*** Entries supplied Section Begins ***

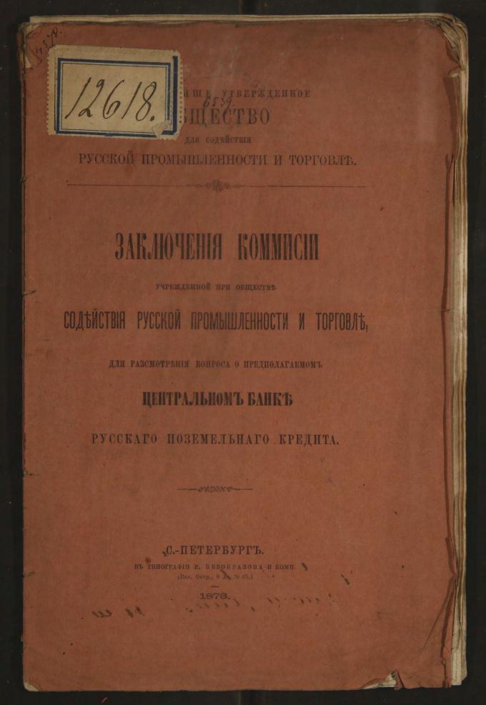 Заключения Комиссии, учрежденной при Обществе содействия русской промышленности и торговле, для рассмотрения вопроса о предполагаемом Центральном банке русского поземельного кредита.
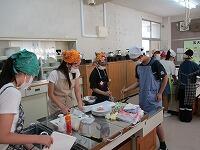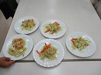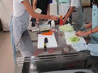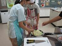 用具をそろえた後,野菜を洗います。ニンジン,キャベツ,ハムを切ります。
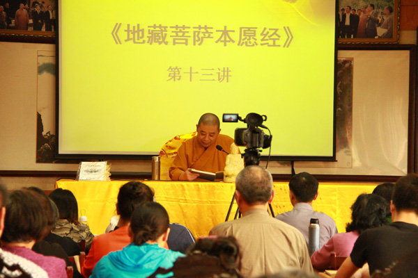 2015年5月3日(农历三月十五),武汉宝通禅寺于每周日在《谈心》编辑部二楼举办的《谈心》杂志学佛讲座礼请宝通禅寺方丈隆醒大和尚为信众开示《地藏菩萨本愿经》第十三讲。本次隆醒大和尚继续为信众讲解《阎浮众生业感品第四》。
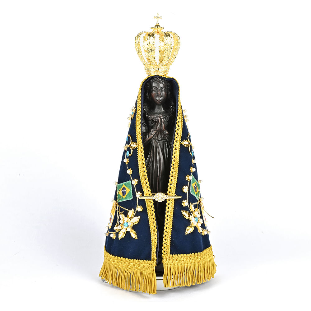 O grande diferencial reside no manto exclusivo, bordado à mão pelas artesãs do próprio Santuário Nacional, tornando cada peça uma obra de arte única. A coroa e o broche possuem acabamento dourado impecável, adornados com pedras de strass que refletem a luz e a glória da Rainha do Brasil.
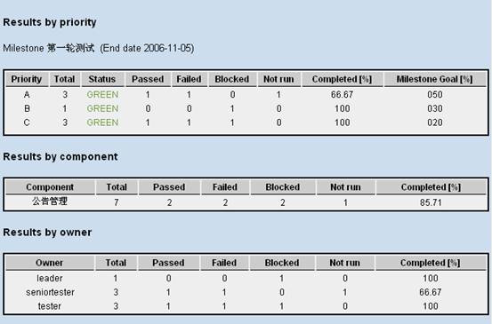 TestLink根据测试过程中记录的数据,提供了较为丰富的度量统计功能,可以直观的得到测试管理过程中需要进行分析和总结的数据:
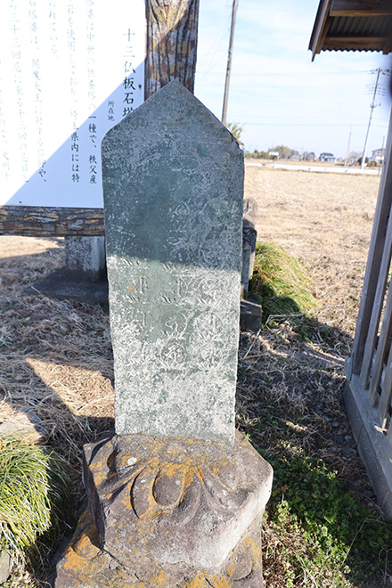 高さ98㎝、幅36㎝を測り、葛西用水南岸の畑より出土したものです。虚空菩薩以下13仏を種子で刻み、その上に天蓋と日月が描かれています。下部に文明13(1481)年の銘があり、また「一緒結中」の文字が判読できることからがわかります。
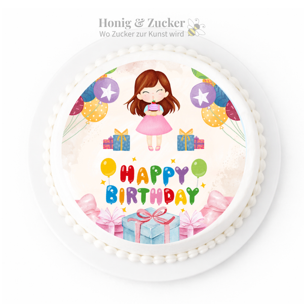 Der Druck erfolgt mit lebensmittelechten Farben auf hochwertiger essbarer Tortenfolie. Alle verwendeten Materialien bestehen aus essbaren Zutaten und sind ideal für die Tortendekoration geeignet.
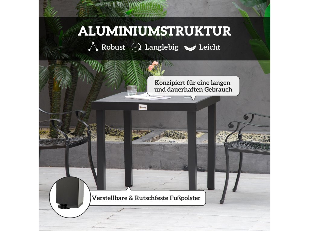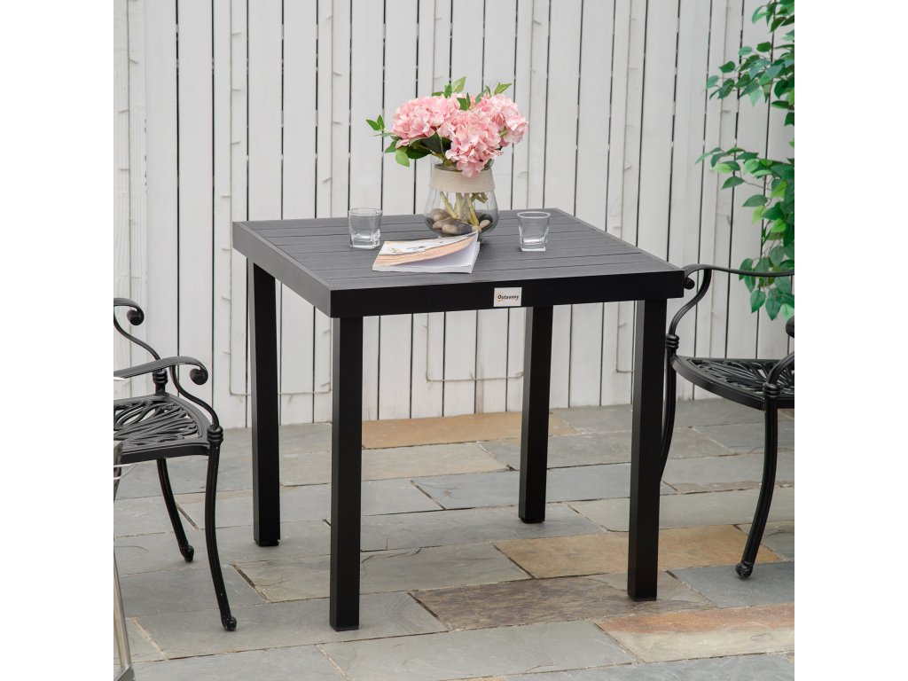 Outsunny zahradní stůl pro 4 osoby kompaktní jídelní stůl ze snadno udržovatelného hliníkového plastu černý 80x80x74cm pro zahradní nábytek | Aosom.de

*** Entries supplied Section Ends ***

_Your objective_.
The expected output is the lines from the line that contains "TestLink根据测试过程" through the last line of the material, reproduced exactly, with both ends present and pictures absent.

_Solution to the exercise_.
 TestLink根据测试过程中记录的数据,提供了较为丰富的度量统计功能,可以直观的得到测试管理过程中需要进行分析和总结的数据:
 高さ98㎝、幅36㎝を測り、葛西用水南岸の畑より出土したものです。虚空菩薩以下13仏を種子で刻み、その上に天蓋と日月が描かれています。下部に文明13(1481)年の銘があり、また「一緒結中」の文字が判読できることからがわかります。
 Der Druck erfolgt mit lebensmittelechten Farben auf hochwertiger essbarer Tortenfolie. Alle verwendeten Materialien bestehen aus essbaren Zutaten und sind ideal für die Tortendekoration geeignet.
 Outsunny zahradní stůl pro 4 osoby kompaktní jídelní stůl ze snadno udržovatelného hliníkového plastu černý 80x80x74cm pro zahradní nábytek | Aosom.de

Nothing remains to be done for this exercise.